02 Generative Media APIs
Image Synthesis
Nano Banana (Gemini) & Imagen 4
Two model families for different needs. Nano Banana (Gemini-based) handles character reference chains, composite look-books, and storyboard frames with strong prompt adherence. Imagen 4 and Imagen 4 Ultra deliver photorealistic hero frames and setting references.
Video Synthesis
Veo 3.1
Cinematic 720p/24fps video generation with multiple workflows: text-to-video, single-image animation (from-image), start/end keyframe interpolation (from-frames), and scene extension (extend). Up to 3 reference images per shot for character and object consistency.
Music & Scoring
Lyria 3
AI-composed original scores. Lyria 3 Clip generates ~30-second scene cues; Lyria 3 Pro produces full stems up to 2:30 for longer sequences. Style-prompted with genre, mood, instrumentation, and tempo control.
Voice & Dialogue
Gemini TTS
Character dialogue and narrator voiceover via gemini-3.1-flash-tts. 30 distinct voice profiles with style prompts for emotional delivery. Each voice becomes a consistent character — teams cast voices like actors.
Multimodal Video Generation
Gemini Omni
The gemini-omni-flash-preview model via the Interactions API. Supports text-to-video, image-to-video, reference-to-video, and video-to-video workflows. Used in the documentary for transforming real footage of the human director into the stylized “Luminous Digital Ghost” treatment — preserving the subject’s gestures and lip-sync while applying the pencil-on-photoreal visual style with digital transmission artifacts.
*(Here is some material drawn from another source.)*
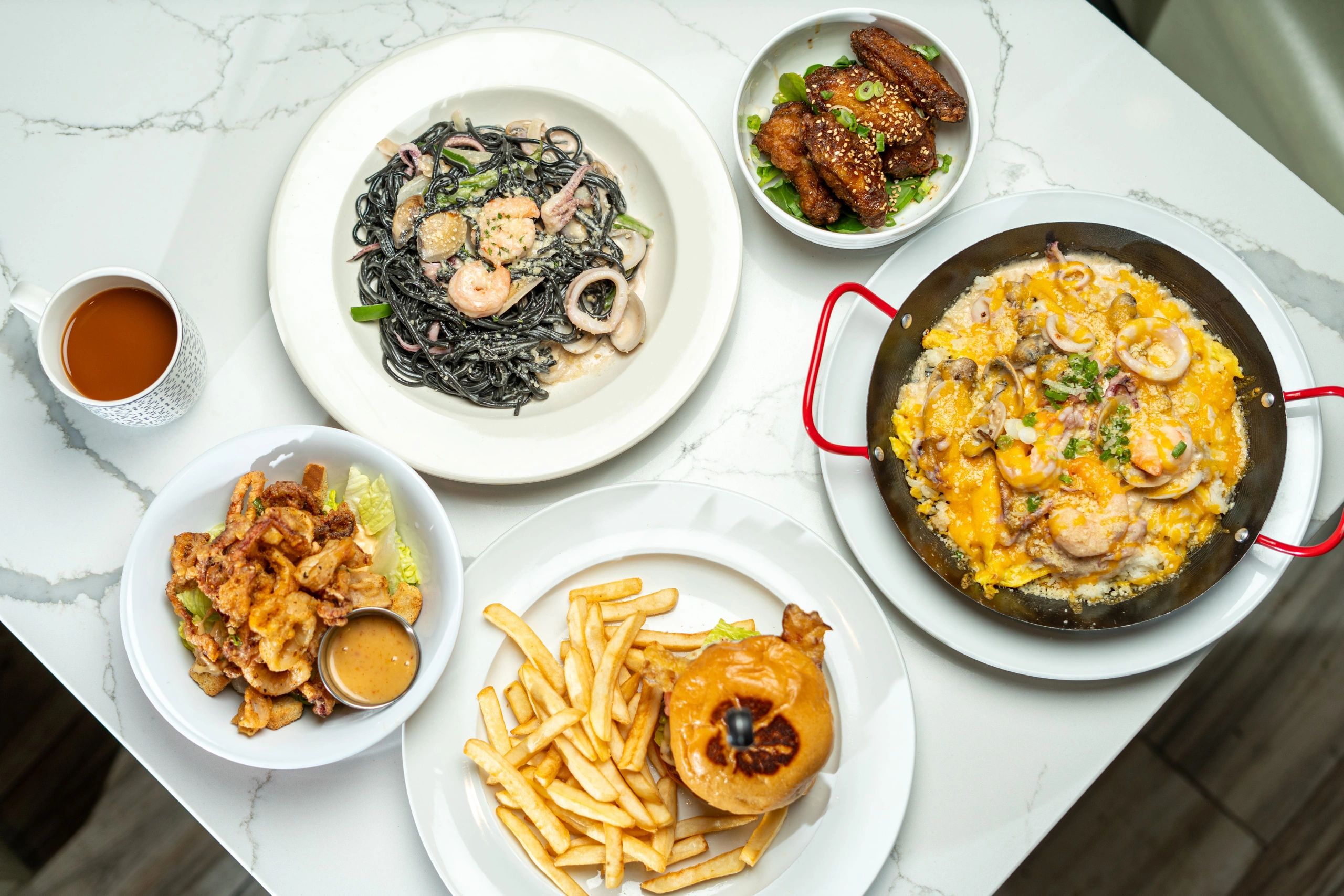Shrimps, clams, and squids in rich creamy cheese sauce over golden fried rice.

03 The 7-Step Production Pipeline
Every team follows the same structured playbook — from concept to final cut. Each step has defined roles, outputs, and quality gates that must pass before advancing.
04 Character Consistency
Maintaining recognizable characters across dozens of AI-generated shots is one of the hardest problems in generative filmmaking. The pipeline uses a reference chain methodology: each character gets 4+ reference images synthesized from a detailed text profile, then composed into a single Composite Character Sheet (multiple angles in one image). This sheet is fed as a reference image into every subsequent generation to anchor the character’s appearance.
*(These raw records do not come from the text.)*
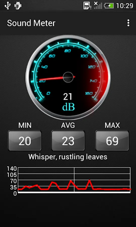 Noise meter and analyzer app (dB meter), that measures the sound volume in decibels in your surroundings. It also references, in text, the current dB sound level to a known loudness of some common noises. Want to measure how loud or noisy is around you? If your car or motorcycle is too loud? The noise pollution in your area? This is the sound meter application for you.
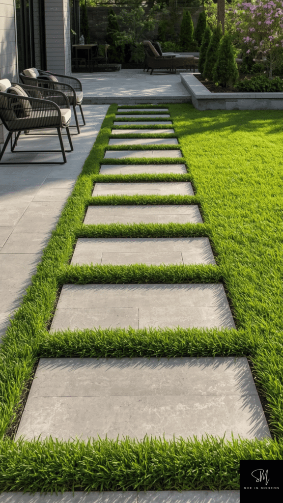 This patio style works well in sunny backyards where grass can grow healthy between the stones. Use straight rows for a modern layout or staggered placement for a relaxed style. Add simple outdoor chairs, a fire bowl, or planter boxes nearby to complete the look. Regular trimming keeps the lines neat and attractive.
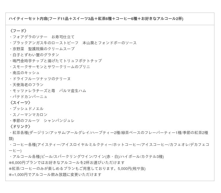 ・ハイティーセット+アルコール2杯付き(フード11品+スイーツ3品+紅茶8種+コーヒー6種+お好きなアルコール2杯) 6,000円(お一人様/税サ込)
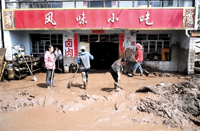 ◀ 8月18日,受灾群众在青海省西宁市大通回族土族自治县青山乡清理淤泥开展自救。
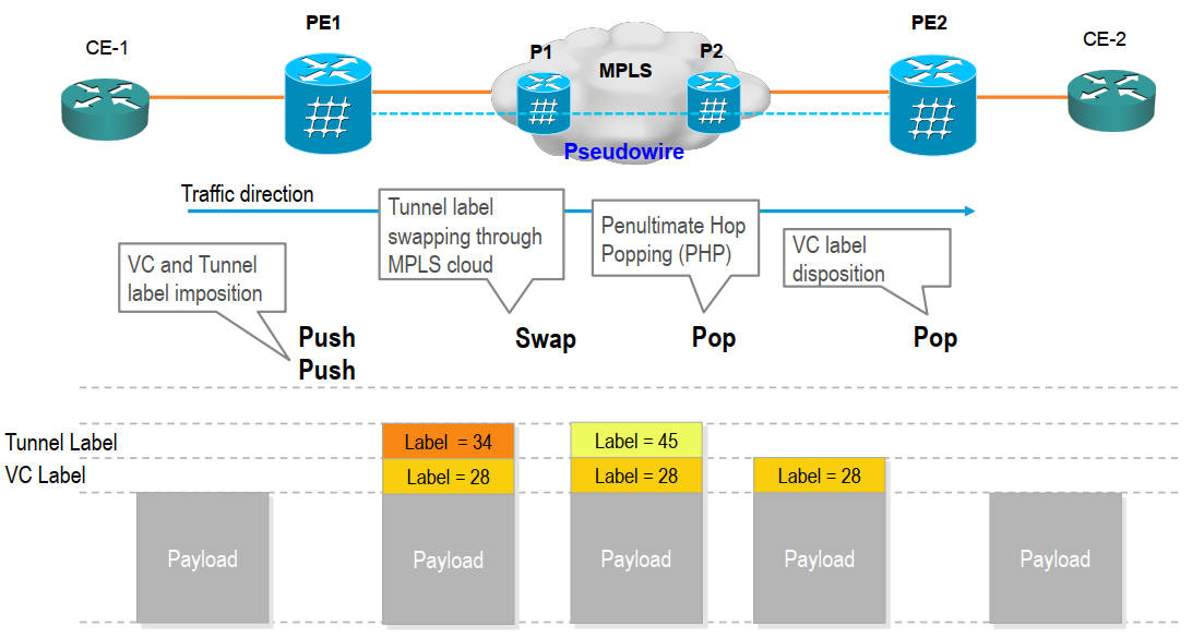 4. P2通过次末跳弹出机制将最上层的标签弹出,将带VC标签的数据包发给PE2。

The same approach extends to recurring objects and settings — a distinctive building, vehicle, or prop gets its own reference sheet so it looks consistent across every shot it appears in. Veo supports up to 3 reference images per generation, so teams budget their references carefully: typically one character sheet, one setting reference, and one object anchor.
05 Assembly & Post-Production
# Timeline-driven assembly with multi-track audio
$ genmedia-assemble timeline -timeline timeline.json
$ genmedia-assemble mix-audio -timeline timeline.json \
-ducking sidechaincompress
$ genmedia-verify audit -dir ./dailies/
Timeline JSON is the single source of truth — shot sequence, per-clip timing, audio track layering, crossfade durations, and sidechain ducking so dialogue always sits above the score.
Timeline JSON
The editor’s blueprint: every clip, every audio track, every transition defined in a single structured file that genmedia-assemble renders into the final master.
Voice-First Mixing
Audio mixing uses sidechain compression to duck the music score beneath dialogue and narration, ensuring vocal clarity without manual keyframing.
QA & Verification
Automated checks validate resolution, frame rate, duration, vocal classification compliance, and manifest consistency before any gate is cleared.
06 Visual-Audio Agreement
Every shot is tagged with a vocal classification that enforces alignment between what the viewer sees and hears. Characters appearing to speak must have a dialogue track; narrator voiceover must play over shots where no one appears to be talking.
Character speaks on screen. Motion prompt describes active speaking.
Narrator over visuals. Characters must not appear to be speaking.
Multiple non-overlapping vocal segments in one shot.
Visual-only storytelling. Music and ambient sound only.
07 The Final Deliverable
Every film ships as a single MP4 master with opening titles, closing credits, and a voice-first audio mix — generated entirely by AI agents using the shared genmedia pipeline.